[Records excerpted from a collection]
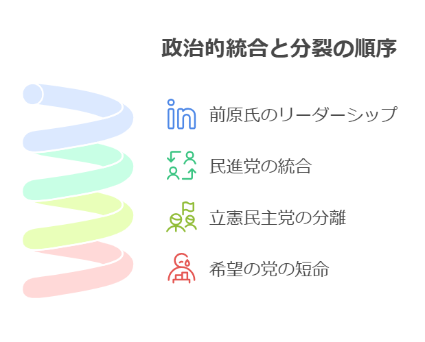 特に希望の党の分裂は象徴的な出来事でした。前原氏は2017年の衆院選で民進党の希望の党への合流を主導しましたが、結果的に民進党の一部が立憲民主党として独立し、希望の党自体も短命に終わりました。
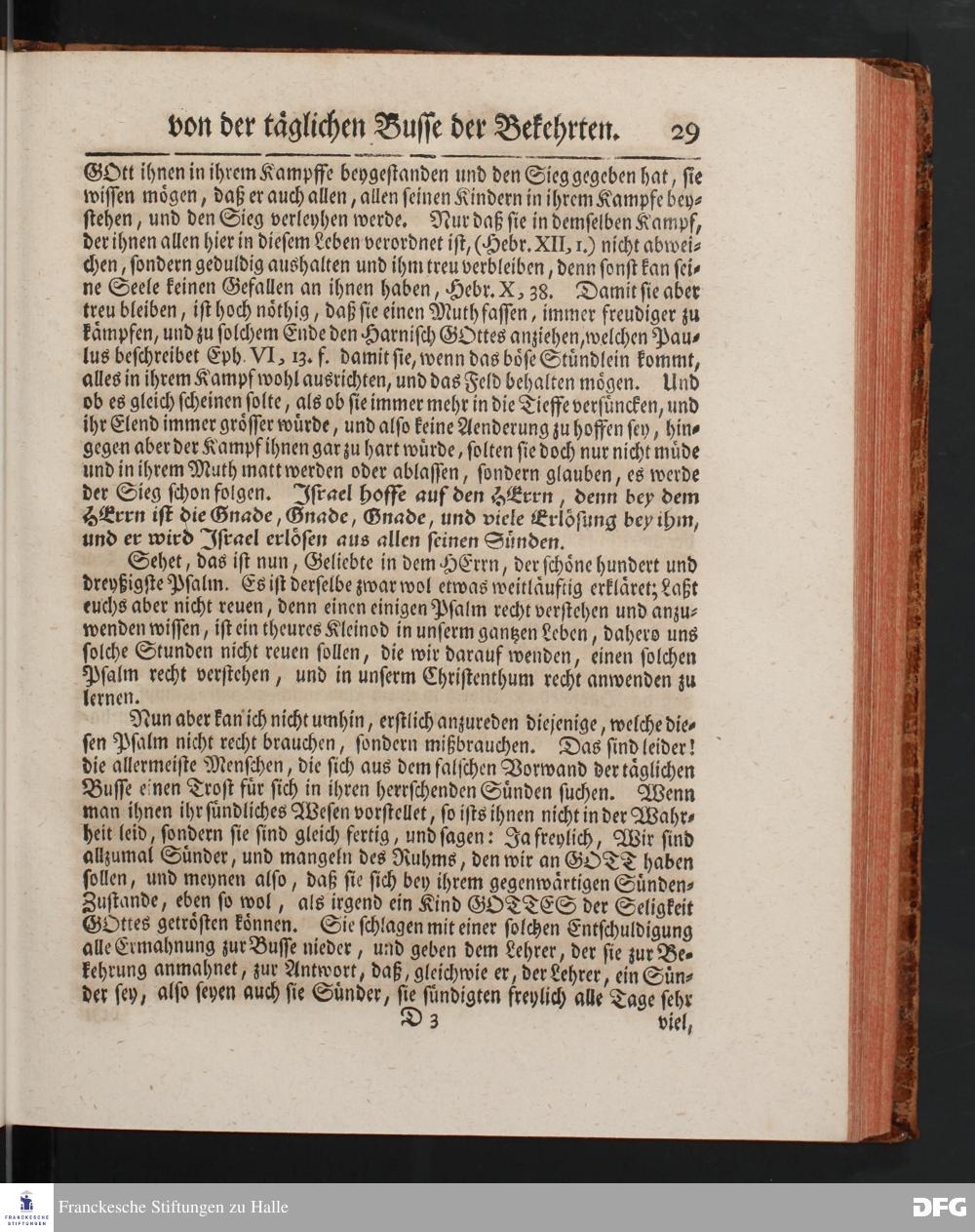 August Hermann Franckens SS.Theol.Prof.Ord.& Past.Vlriciani, Buß=Predigten, Darinnen aus verschiedenen Texten Heil. Schrift deutlich gezeiget wird, Wie nicht nur Unbekehrte zur wahren Busse gelangen, sondern auch die, so bekehret sind, in täglicher Busse und Gottseligkeit leben und wandeln sollen. Erster und Anderer Theil. Fünfte Auflage. Mit Königl. Preuß. und Churfl. Brandenb. Privilegio. HALLE, in Verlegung des Waysenhauses, MDCCXLV.
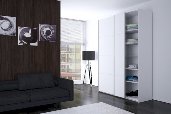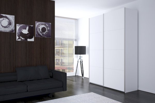 Серия «Прайм» отличается доступностью и функциональностью Навесные двери и лаконичная отделка фасадов создают прогрессивный дизайн. Подойдет тем, кто любит компактную и изящную мебель. Алюминиевые ручки и верхний ходовой профиль обеспечивают легкость и прочность конструкции. Многолетняя безупречная работа благодаря высококачественной немецкой фурнитуре Hettich. Прочная ПВХ-кромка толщиной до 1 мм защищает края от сколов и повреждений. Плавный ход дверей обеспечивает надежная система Hettich Top Line M. Дополнительно можно установить доводчики. Снаружи нет заглушек и винтов благодаря стяжечной системе крепления полок на флипперах, а корпус усилен эксцентриковыми стяжками. Навесные двери скрывают раздвижной механизм от глаз. Они надежно удерживаются в направляющих и не соскакивают. Каждая дверь поделена на 4 секции Секции расставляются в произвольном порядке, создавая новый дизайн фасада.
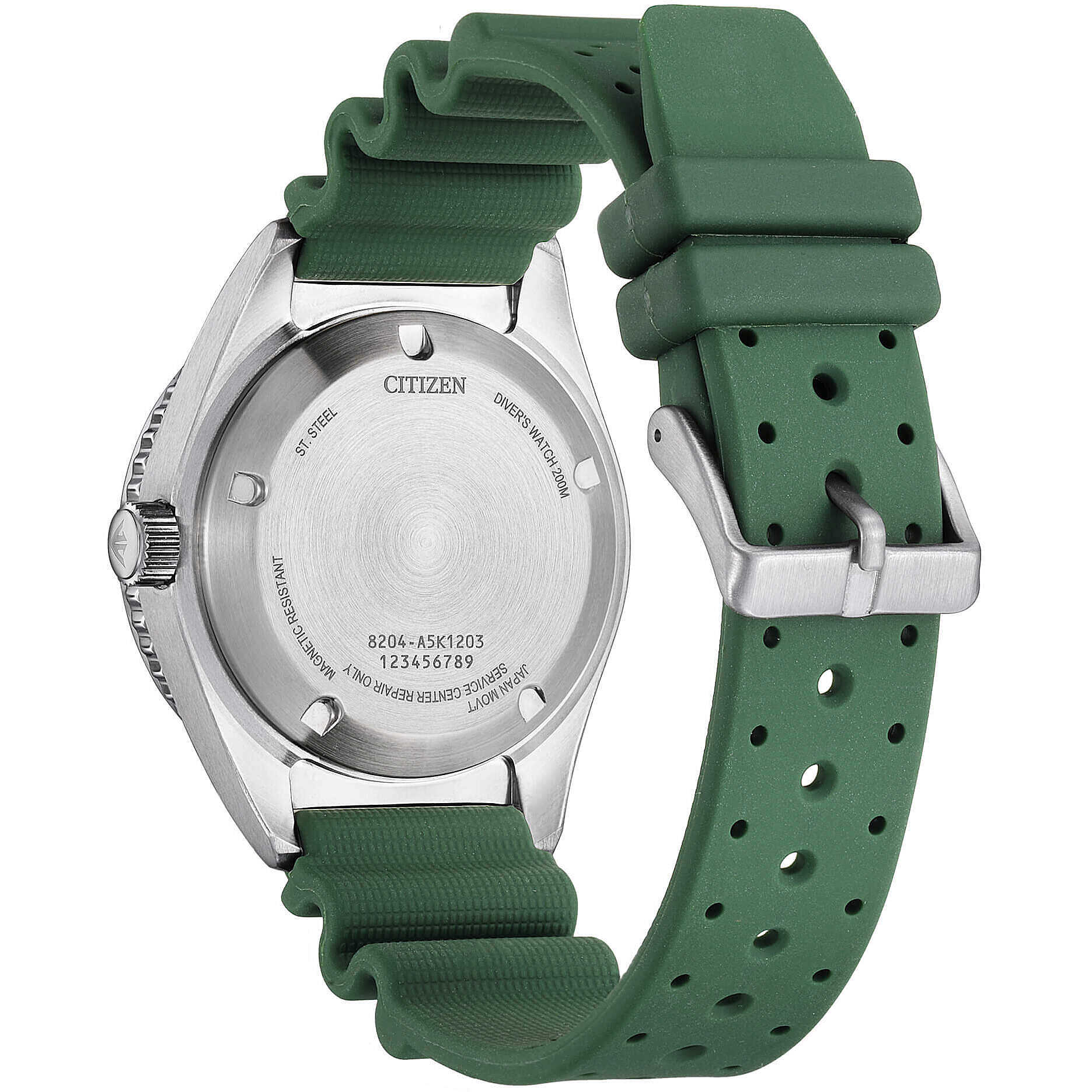 Orologio da uomo di Citizen della collezione Promaster. Orologio solo tempo diver con movimento meccainico a ricarica automatica citizen e resistenza all'acqua di 20 ATM. La cassa é in acciaio con fondo e corona serrati a vite ghiera girevole unidirezionale, il diametro é di 41mm. Il quadrante é verde con indici applicati con giorno e data . Vetro minerale. Il cinturino é in morbido caucciu' nero. La referenza è: NY0121-09X.
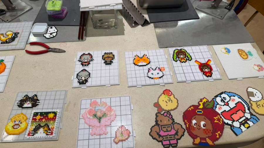 一整个下午,拼豆店大部分时候都像自习室,玩家们各自拿着镊子、面对着豆板,只闻频繁响起的门铃声和偶尔几句闺蜜、情侣间的窃窃私语。
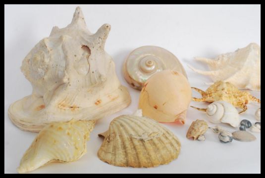 Conchology - A collection of sea shells of various forms and sizes to include Conch, Nautilus type and cone type shells.  Biggest measures 22cm high x 29cm wide.
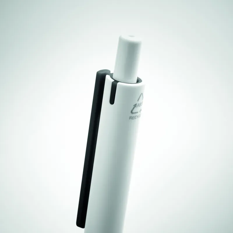 Nyomógombos golyóstoll újrahasznosított ABS-ből. Kéken író betéttel.
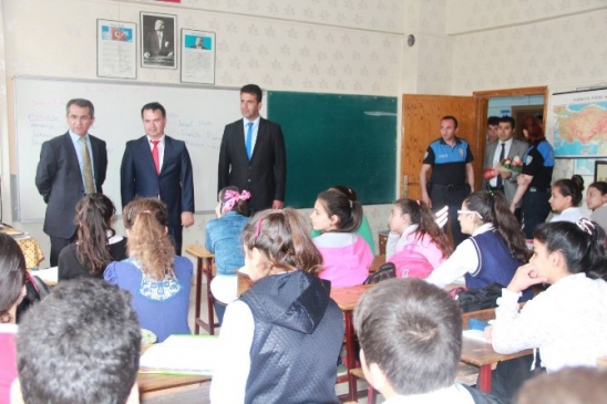 Hatay'da Emniyet Müdürü Ali Doğan Uludağ, öğrencilerin davetiyle Odabaşı 75. Yıl Ortaokulu'nu ziyaret etti.
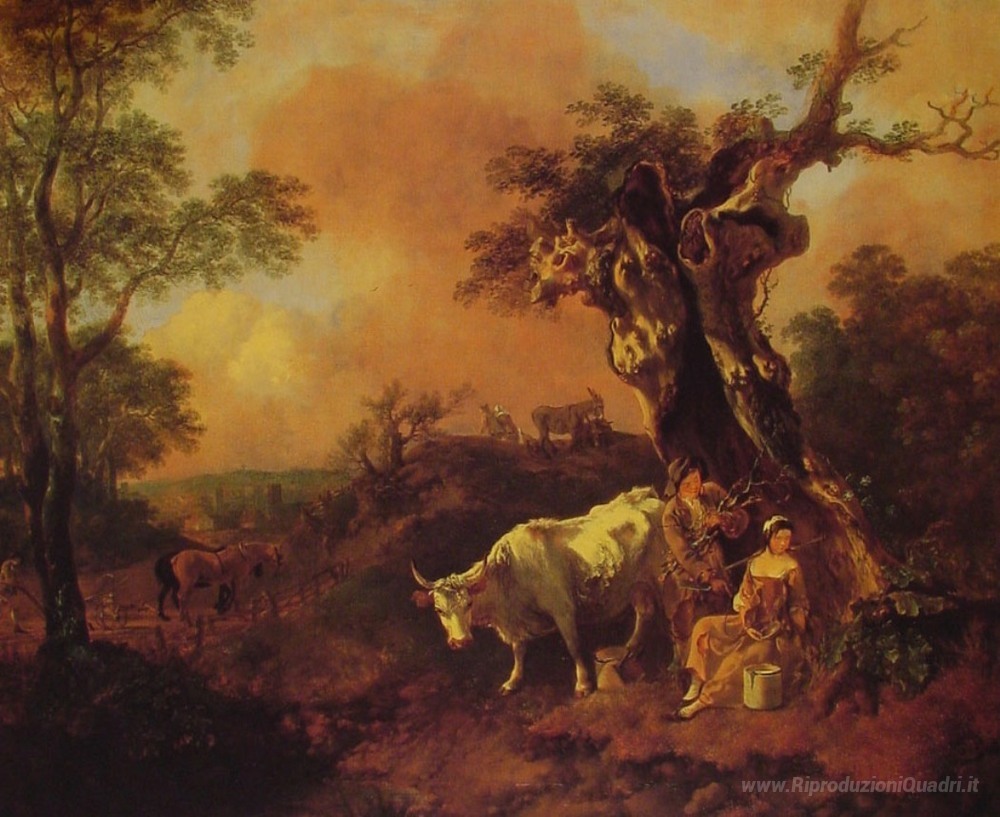 Ti offriamo una riproduzione artigianale su tela dell'opera famosa 'Paesaggio con un Boscaiolo e lattaia' di Thomas Gainsborough, dal Museo delle Riproduzioni.
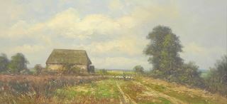 LOT 81 Oil on Canvas signed H. Reuter, 16 x 31 1/2", "Landscape with Sheep Farmer". Estimate: $100 - $200 Sold For: $80 Auction Date: Tuesday, June 24 2025 at 4:00 PM

● Try it
A word-for-word copy is required of the lines above from the line with "Nyomógombos golyóstoll újrahasznosított" through the last line of the data; no other lines and no pictures belong in it.

● Result of the task
 Nyomógombos golyóstoll újrahasznosított ABS-ből. Kéken író betéttel.
 Hatay'da Emniyet Müdürü Ali Doğan Uludağ, öğrencilerin davetiyle Odabaşı 75. Yıl Ortaokulu'nu ziyaret etti.
 Ti offriamo una riproduzione artigianale su tela dell'opera famosa 'Paesaggio con un Boscaiolo e lattaia' di Thomas Gainsborough, dal Museo delle Riproduzioni.
 LOT 81 Oil on Canvas signed H. Reuter, 16 x 31 1/2", "Landscape with Sheep Farmer". Estimate: $100 - $200 Sold For: $80 Auction Date: Tuesday, June 24 2025 at 4:00 PM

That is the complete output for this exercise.